One of the most notable New Year's Eve celebrations takes place in Piazza Maggiore, the central square of Bologna. Here, the ancient tradition of the Old Man's Bonfire is brought to life in a theatrical form: a puppet symbolizing the past year is burned on a bonfire, allowing people to superstitiously cast away the negativity of the old year and welcome the new one with hope. The "Old Man" is a gigantic illuminated sculpture that is set up in the center of the square in the final days of December and remains there until the midnight countdown. The festivities in the square continue even after the bonfire, spilling over into the nearby streets with music and performances by street artists. Combine the event with a New Year's Eve Dinner at Ristorante Da Nello close to Piazza Maggiore.

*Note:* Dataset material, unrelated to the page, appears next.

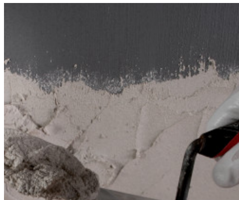
Applicazione di intonaco su Eco Prim Grip Plus

Da Nello is located in the heart of Bologna, a stone's throw from Piazza Maggiore. It has a rather peculiar charm, as it was created from the interiors of ancient barrel-vaulted cellars, where the wines were kept.
It is a medium-sized, family-run restaurant, managed with great professionalism and competence that has lasted for 50 years. Tradition is the key word of typical Emilian cuisine, even if it is always full of a lot of creativity. Some dishes suitable for your New Year's Eve dinner are: the mixed starter with fresh raw fish, Carloforte-style trofie with tuna, tomatoes and pesto (a local delicacy), breaded artichokes. The famous Bologna Potato D.O.P. is used to create a very special dish:
Petroniana di Patate di Bologna D.O.P.
Petroniana di Patate di Bologna D.O.P.
Ingredients:
Bologna Potatoes D.O.P. 1 kg approximately; Parma ham aged 24 months cut into thin slices 300 g; White or black truffle according to season, thinly cut 59 g; Parmigiano Reggiano flakes 200 g; Grated Parmigiano Reggiano 100 g; Milk cream 540 ml; Butter 50 g; Salt; Pepper
Preparation for 1 portion:
Boil the Potatoes of Bologna D.O.P. in lightly salted water and cut them into slices about 4-5 mm thick. Butter a small porcelain baking pan approximately 22 cm in diameter and 3 cm high, arrange a layer of potato slices on the bottom, add a pinch of salt and a sprinkling of pepper. Cover the potatoes with a layer of thinly cut truffle, one of Parma ham, one of flakes of Parmesan and finally a sprinkling of grated Parmesan. Make another layer of sliced potatoes, add a pinch of salt and pepper, cover with flaked Parmesan and a sprinkling of grated Parmesan. Pour approximately 90 ml of milk cream over everything and grill in a hot oven at 200°C for 8/10 minutes. Coming out of the oven, finish with a final grating of truffle and serve piping hot.